> [Entries provided]
=== Begin Enclosure ===

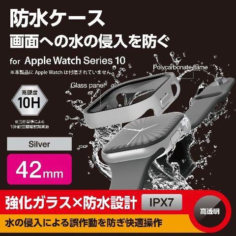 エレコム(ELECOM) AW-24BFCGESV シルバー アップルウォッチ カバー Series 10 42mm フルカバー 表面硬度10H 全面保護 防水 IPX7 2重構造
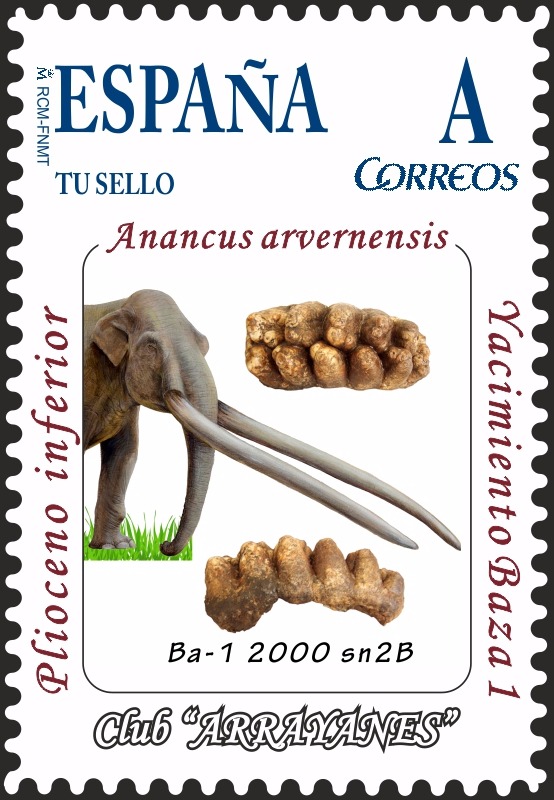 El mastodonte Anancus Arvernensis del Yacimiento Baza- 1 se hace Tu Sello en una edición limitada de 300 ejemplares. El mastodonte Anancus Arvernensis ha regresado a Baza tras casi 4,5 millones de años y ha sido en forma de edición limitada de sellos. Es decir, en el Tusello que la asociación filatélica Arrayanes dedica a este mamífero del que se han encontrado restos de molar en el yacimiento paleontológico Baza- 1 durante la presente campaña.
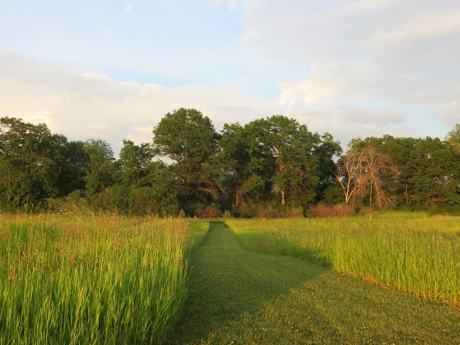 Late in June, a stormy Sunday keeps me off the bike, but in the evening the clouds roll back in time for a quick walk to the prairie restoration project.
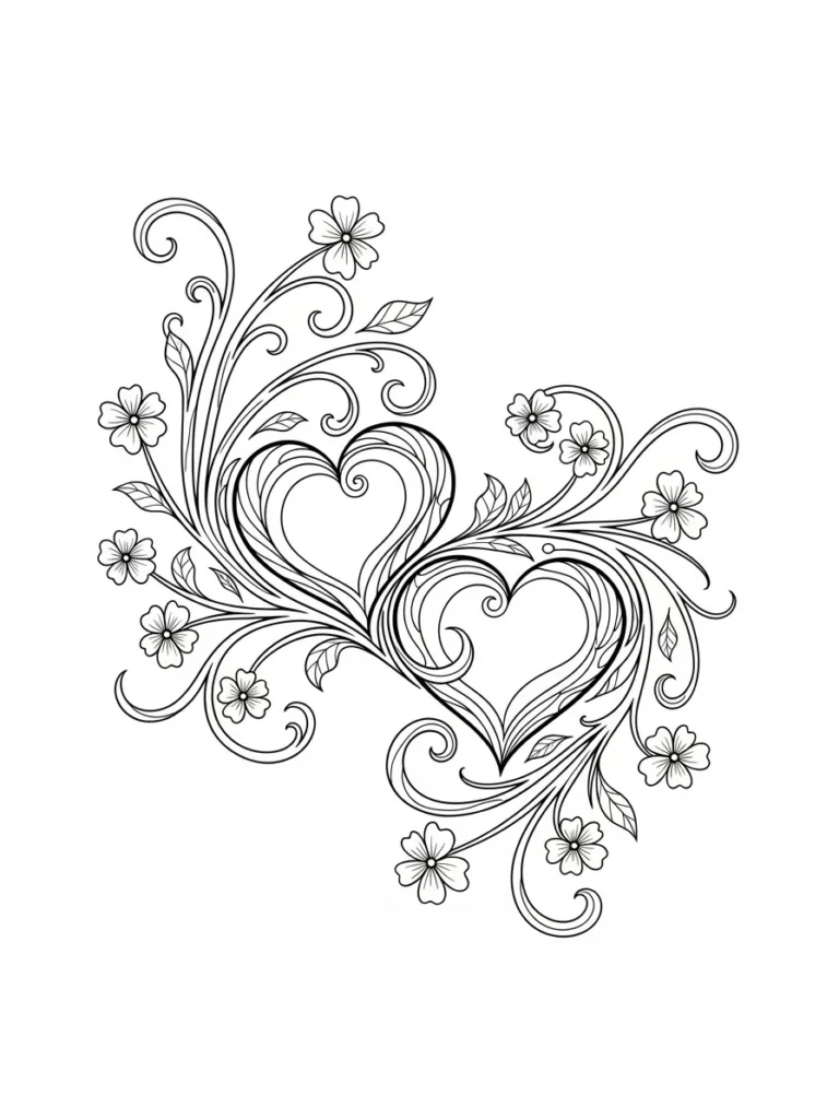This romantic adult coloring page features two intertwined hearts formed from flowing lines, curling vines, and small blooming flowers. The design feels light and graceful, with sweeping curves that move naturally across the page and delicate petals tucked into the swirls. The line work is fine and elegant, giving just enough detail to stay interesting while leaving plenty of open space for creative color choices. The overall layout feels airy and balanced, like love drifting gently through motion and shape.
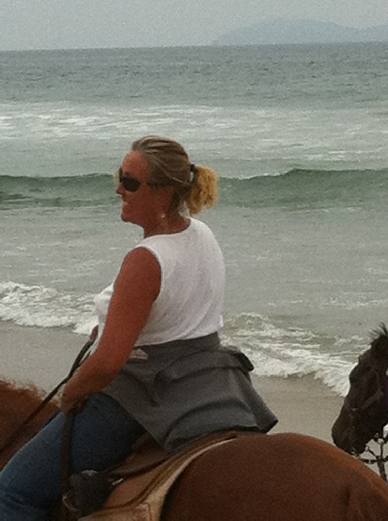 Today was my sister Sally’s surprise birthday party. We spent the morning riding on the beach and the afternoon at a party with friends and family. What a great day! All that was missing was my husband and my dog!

=== End Enclosure ===
=== Begin Enclosure ===

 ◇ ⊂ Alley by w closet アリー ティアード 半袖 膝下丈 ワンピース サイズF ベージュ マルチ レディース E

=== End Enclosure ===

> [Work to complete] Taking the records above, print only and exactly the lines from the line with "Late in June, a" to the line with "Today was my", both kept, and exclude pictures.

> [Solved problem]
 Late in June, a stormy Sunday keeps me off the bike, but in the evening the clouds roll back in time for a quick walk to the prairie restoration project.
This romantic adult coloring page features two intertwined hearts formed from flowing lines, curling vines, and small blooming flowers. The design feels light and graceful, with sweeping curves that move naturally across the page and delicate petals tucked into the swirls. The line work is fine and elegant, giving just enough detail to stay interesting while leaving plenty of open space for creative color choices. The overall layout feels airy and balanced, like love drifting gently through motion and shape.
 Today was my sister Sally’s surprise birthday party. We spent the morning riding on the beach and the afternoon at a party with friends and family. What a great day! All that was missing was my husband and my dog!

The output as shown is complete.